Cervical selective nerve root block (SNRB) is an effective procedure that has long been performed for patients with radiating pain or paresthesia. However, there are several delicate structures around the cervical nerve root, damage to which could lead to irreversible neurovascular injury. Therefore, cervical SNRB requires a high skill level and extensive experience to execute it safely. To overcome these disadvantages, we used biplane computed tomography (CT)-guided fluoroscopy and a needle guidance program to achieve symptom improvement in a safer and shorter procedure. This study aimed to investigate the new method and report on its excellent clinical effects.

Methods

A total of 57 patients who experienced radiating pain due to cervical spinal stenosis resulting from a herniated disc were enrolled. From September 2020 to September 2021 subjects underwent a biplane CT-guided fluoroscopic nerve block at an outpatient clinic. All procedures were performed by biplane CT-guided fluoroscopy. We analyzed treatment effects with a numerical rating scale (NRS) at 2 and 4 weeks after the procedure. Logistic regression was performed to reveal the significance of changes in NRS after the injection.

Results

Pain improved in 56 of 57 patients (98%) after 2 and 4 weeks of follow-up compared to pre-injection pain. At the 2-week follow-up, the mean reduction based on NRS scores was 3.226 (2.782-3.674, 0; 95% confidence interval [CI], p < 0.001) indicating a 48% decrease in pain scores compared with the initial NRS. The mean reduction in NRS 4 weeks after the procedure was 3.544 (3.090-3.998, 0; 95% CI, p < 0.001) indicating a 52% reduction compared with the initial NRS. The average duration of the procedure was 4 min.

Conclusion

We demonstrate a clinically effective, safe, and accurate method using a biplane CT-guided fluoroscopy and needle guide program. This new method can be an easy and relatively uncomplicated alternative to treatment for patients with cervical radiculopathy and provides safe and accurate targeting, making it easy for inexperienced surgeons.

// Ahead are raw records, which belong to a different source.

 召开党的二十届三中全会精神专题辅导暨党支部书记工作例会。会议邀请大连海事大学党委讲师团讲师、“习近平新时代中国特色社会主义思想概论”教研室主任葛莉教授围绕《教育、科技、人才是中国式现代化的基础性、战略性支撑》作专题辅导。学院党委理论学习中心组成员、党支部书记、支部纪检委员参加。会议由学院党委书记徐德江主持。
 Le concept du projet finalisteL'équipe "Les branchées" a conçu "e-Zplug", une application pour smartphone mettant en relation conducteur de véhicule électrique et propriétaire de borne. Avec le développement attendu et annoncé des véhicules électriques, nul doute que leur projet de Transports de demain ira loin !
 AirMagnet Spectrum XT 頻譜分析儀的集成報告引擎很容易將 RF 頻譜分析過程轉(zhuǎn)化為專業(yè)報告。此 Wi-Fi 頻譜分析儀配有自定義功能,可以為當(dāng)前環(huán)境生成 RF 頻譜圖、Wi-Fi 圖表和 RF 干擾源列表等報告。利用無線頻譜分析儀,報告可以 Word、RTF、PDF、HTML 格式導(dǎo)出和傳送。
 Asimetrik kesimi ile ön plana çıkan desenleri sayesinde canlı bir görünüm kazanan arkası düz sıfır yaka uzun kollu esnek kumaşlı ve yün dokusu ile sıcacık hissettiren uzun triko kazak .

Key words: Fluoroscopy; Nerve block; Radiculopathy

INTRODUCTION

Cervical radiculopathy occurs in 0.08% of the healthy population annually¹⁾. In terms of causes of compression to the cervical nerve root, 70% to 75% occur from cervical spondylosis and 20% to 25% from disc herniation¹⁴⁾. Cervical radiculopathy is caused by a complex pathophysiology in stenosis of the cervical nerve root foramen²⁾. Nerve roots and vessels are vulnerable due to the lack of perineurium and underdeveloped epineurium¹⁷⁾. Within the stenosis foramen, the pressure rises and the function of the venous plexus around the root nerve declines, resulting in ischemia, which causes edema and increases the pressure⁶^,⁹⁾. Due to the physical pressure of the foramen for an extended period, inflammation and fibrosis around the nerve root progresses, resulting in radiculopathy¹³⁾.

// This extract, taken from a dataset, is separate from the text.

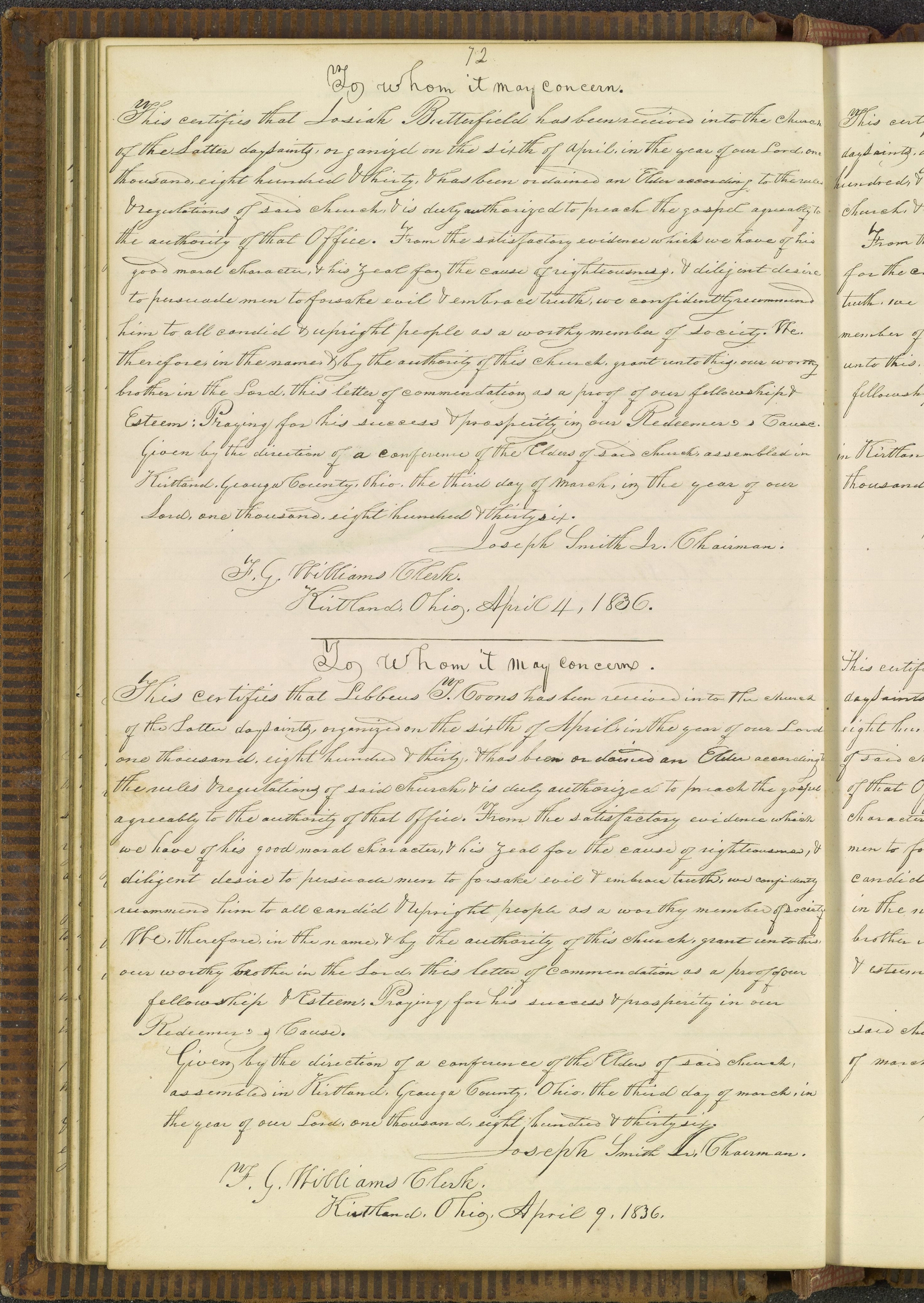 JS and , License, for , , Geauga Co., OH, 4 Apr. 1836. Version copied [between ca. 7 and ca. 9 Apr. 1836] in Kirtland Elders’ Certificates, p. 72; handwriting of ; CHL.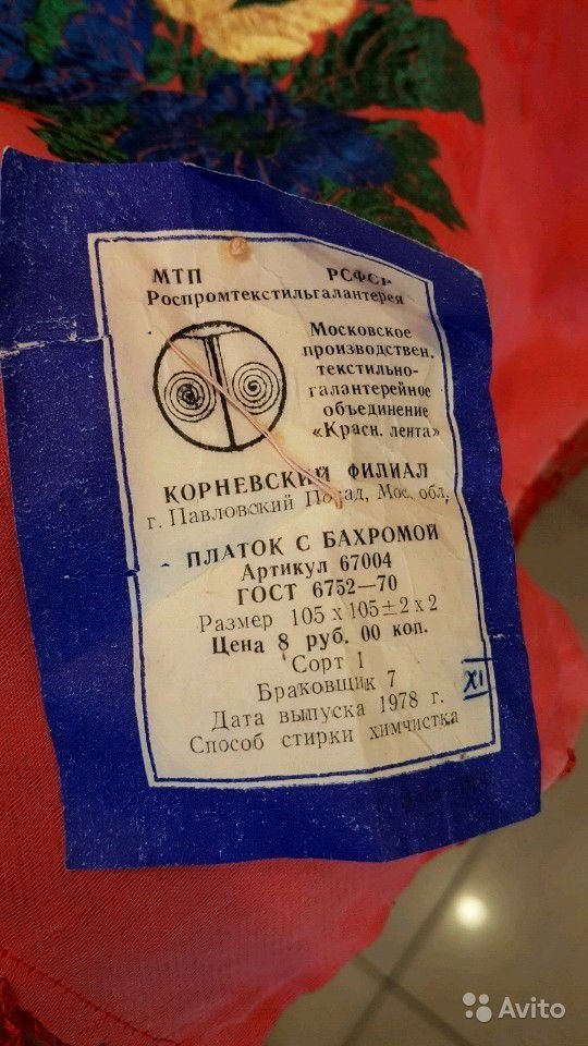 Для полноты картины подброшу ещё фото платка "Красной ленты", его этикетки и аналогичного музейного экземпляра:

Patients suffering from radiating arm pain and paresthesia of cervical origin have usually been treated with nerve blocks since William Stewart Halsted first performed cervical plexus blocks at Bellevue Hospital in New York in 1884¹¹⁾. Due to procedural efficacy, the cervical selective nerve root block (SNRB) has gained popularity and is now performed all over the world. Over time different methods have been introduced to improve its accuracy and safety and studies have reported various methods of cervical SNRB. Cervical SNRB via fluoroscopy-guidance is one of the most common methods used to visualize real-time contrast injection. Computed tomography (CT)-guided cervical SNRB provides better anatomical insight and avoids undesirable outcomes. Cervical SNRB performed under ultrasound also ensures precise needle control and soft tissue visualization of vessel and nerve structures¹⁷⁾. However complications still include spinal cord injury and cerebral or spinal cord infarction, which can result in death¹²⁾. Due to the critical anatomic structures around the cervical area, every cervical SNRB procedure requires accuracy to avoid medical complications. The purpose of this study was to introduce a safe and effective cervical SNRB method by targeting the nerve root precisely using biplane CT-guided fluoroscopy and needle guidance.

MATERIALS AND METHODS

A retrospective analysis was carried out using the picture archives and communication system (PACS) and electronic medical records of our hospital. Patients who received a cervical SNRB from September 2020 to September 2021 were reviewed. All procedures were performed by a single skilled neurosurgeon using the iGuide-Needle guidance program of Siemens Artis zee biplane angiography (Siemens, Erlangen, Germany) system, VC14. The analysis included all patients with a pre-procedural report and 2 to 4 weeks of post-procedural follow-up. The efficacy of the procedure was evaluated using a numerical rating scale (NRS) initially and followed up at 2 and 4 weeks.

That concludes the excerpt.